Вторая часть Имя, местность

Проснулись мы в стогу сена. Я и Мария. То была другая пора и другое время. Но когда же все-таки это было?.. Как будто бы летом, в зените его, тысячу лет назад. Как будто в другой жизни.

Стало вдруг холодно.

Наслаждайся глупостью, о молодость! Но замечай время. Возлюбленные, вы, которые пересекаете горы и моря… Любите, как вам вздумается. Но замечайте время.

Я помню, мы проснулись в стогу сена…

Мария не захотела сразу ехать ко мне, в мой деревенский дом. И ее можно было понять. Тогда, в начале нашего пути, я сбежал от нее…

Мы спали крепким сном и проснулись. Мы были в поисках деревни, которая приютила бы нас. И так, в этих поисках, мы заснули, найдя стог сена, — нас застала, захватила нега, томление, дурман трав… А что было дальше, не помню. Очнулись от звуков и холода рассвета.

То, что было сном, было сном, а мы уже брели дальше, по росе, в поисках того, что называлось уединением.

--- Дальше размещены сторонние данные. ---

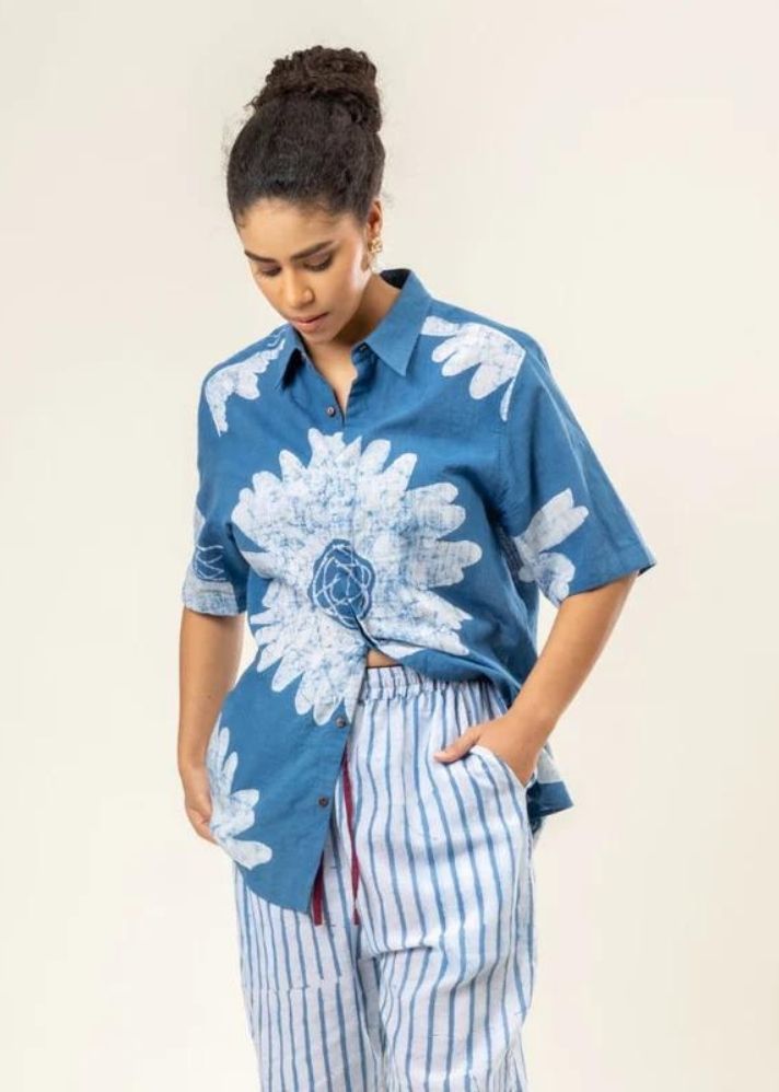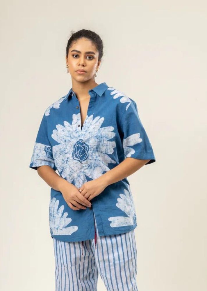 "قميص الباتيك الزهري. الخيط - يتم الحصول على البوليستر من كميات مختلطة من بقايا المصنع الأزرار - أزرار قشرة جوز الهند قابلة للتحلل البيولوجي بنسبة 100% صُنع الباتيك في الهند لهذه القمصان يدويًا على يد حرفيين في قرية بالقرب من بهوج، غوجارات. إن العمل مع الحرفيين المحليين يمكننا من تحقيق اللامركزية في سلسلة التوريد الخاصة بنا، مما يوفر للحرفيين الفرصة لعيش حياة أكثر صحة في مجتمعاتهم الخاصة. يتم بعد ذلك تحويل القماش المصبوغ مسبقًا إلى مصنع بأجور عادلة في دلهي. تعمل منشأة الإنتاج المتخصصة صغيرة الحجم هذه على تقليل كمية النفايات الناتجة، وإعادة استخدام أي قصاصات من المواد للنسيج المرقعة. قد يتميز كل عنصر بتطريز إضافي أو رقعة لتحسين استخدام بقايا القماش، لكنه لا يزال يعرض نفس الشكل والملمس واللمسة النهائية. أشعر بالفخر بارتداء هذه القطعة الفريدة والمميزة."

Мы вместе увидели. Дом стоял в стороне от деревни. На отшибе. У самого озера. Место было восхитительным, уединенным: дом громадный, из серебряных теперь сосен в обхват — со светелкой, балконом, с флюгером вертящимся. Тихо кругом и безлюдно. Мы прошли сенями, коридорами, лесенками… И, отыскав в темноте дверь, вошли. Две женщины оглядывали нас с головы до ног и с ног до головы, присматриваясь к Машиному мятому платью и мятым моим брюкам. Маша вскинула голову, потом подняла руки. Она как будто хотела дотянуться до потолка, который здесь был невысок, до связок золотистого лука. Старуха сидела в глубине, там, где в проеме окна висела коса. Дом, казалось, был объят то ли кузнечным, то ли плотницким духом — серпы, клещи, рубанки, стамески, цепи… Всего этого было не счесть. Другая женщина, в ситцевом платье, еще молодая и статная, смотрела на меня, то расширяя, то сужая глаза. Крылья носа ее были четко очерчены. Влажные пухлые губы медленно раскрылись. «Будьте гостями», — услышал я ее голос.

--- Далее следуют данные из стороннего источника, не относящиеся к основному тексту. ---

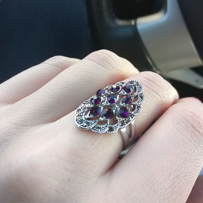 El anillo está adornado con hermosas piedras y es adecuado para el uso diario.

Бабка тут же поднялась плавно и скрылась за печью, загрохотала железным совком, а отдалось медью.

Женщина встала, изогнувшись, легко, как рысь, оказалась подле Маши и провела рукой по ее плечу.

— Хорошая ты. Легкая. Как голубка. Будьте гостями. Располагайтесь…

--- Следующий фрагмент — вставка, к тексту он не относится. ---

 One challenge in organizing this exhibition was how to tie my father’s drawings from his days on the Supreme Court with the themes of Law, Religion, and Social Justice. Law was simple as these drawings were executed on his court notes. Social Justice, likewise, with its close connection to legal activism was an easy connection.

— Не хочу я здесь, — неожиданно сказала Маша.

— Да мы туда пойдем, в комнату, — подхватила женщина, открывая ряд белых крупных зубов. — Вот сейчас бабка самовар вздует, мы чай собирались кушать.

Маша отступила к двери.

— Мы в другой раз к вам вернемся. Как дом найдем, где жить. У вас не хочу — сыро. Не обижайтесь. Просто сырости боюсь. Не обижайтесь… Нам до темноты надо успеть. Прощайте…

В потемках поспешно мы уходили от дома. Прошли косогором к дороге, пересекли ее и, обогнув придорожную церковь, — вороны взлетели, — бок ее обнажившегося кирпича, вышли, скользнули в улицу, в ряд домов. Хотели было уже идти дальше, к низине, как тут разом оба повернули головы и увидели среди яблоневых и вишневых деревьев почерневший, с серебром и золотом дом. Не сговариваясь, свернули к нему.

Дверь была не то что не закрыта, она была отворена. Мы вошли в сухость, в запах душистый…

Что-то цветастое двигалось в глубине, у печи, в отсветах яркого пламени.

— Это мы, — сказала Маша.

Звонкий плавный голос откликнулся:

— Ну, гости! Слышу…

К нам обернулась женщина, только по пряди седых волос распознать можно было, что это старуха. Маленькая, гладкая, резвая… Волосы ее были прибраны под белый платок и оставляли открытым высокий лоб. Глаза голубые искрились смехом и радостью.

— На пироги поспели как раз, — сказала она, подходя все ближе к нам, улыбалась приветливо, открыто, просто, как будто она нас знала давным-давно. — Проходите, куда глядится… Как вас величать-звать?

— Это мой Василий. А я — Мария, Маша…

— И я — Мария, Марья… — замечательно так ответила старушка. — Будем ладить…

Обе они улыбались, им было хорошо. А значит, и мне стало хорошо. Мы уже сидели за столом. Марья в который раз разливала чай, пододвигая чашки к самовару, неспешно отодвигала одну, подставляла другую… И так же неспешно продвигался и наш разговор… Шло узнавание друг друга.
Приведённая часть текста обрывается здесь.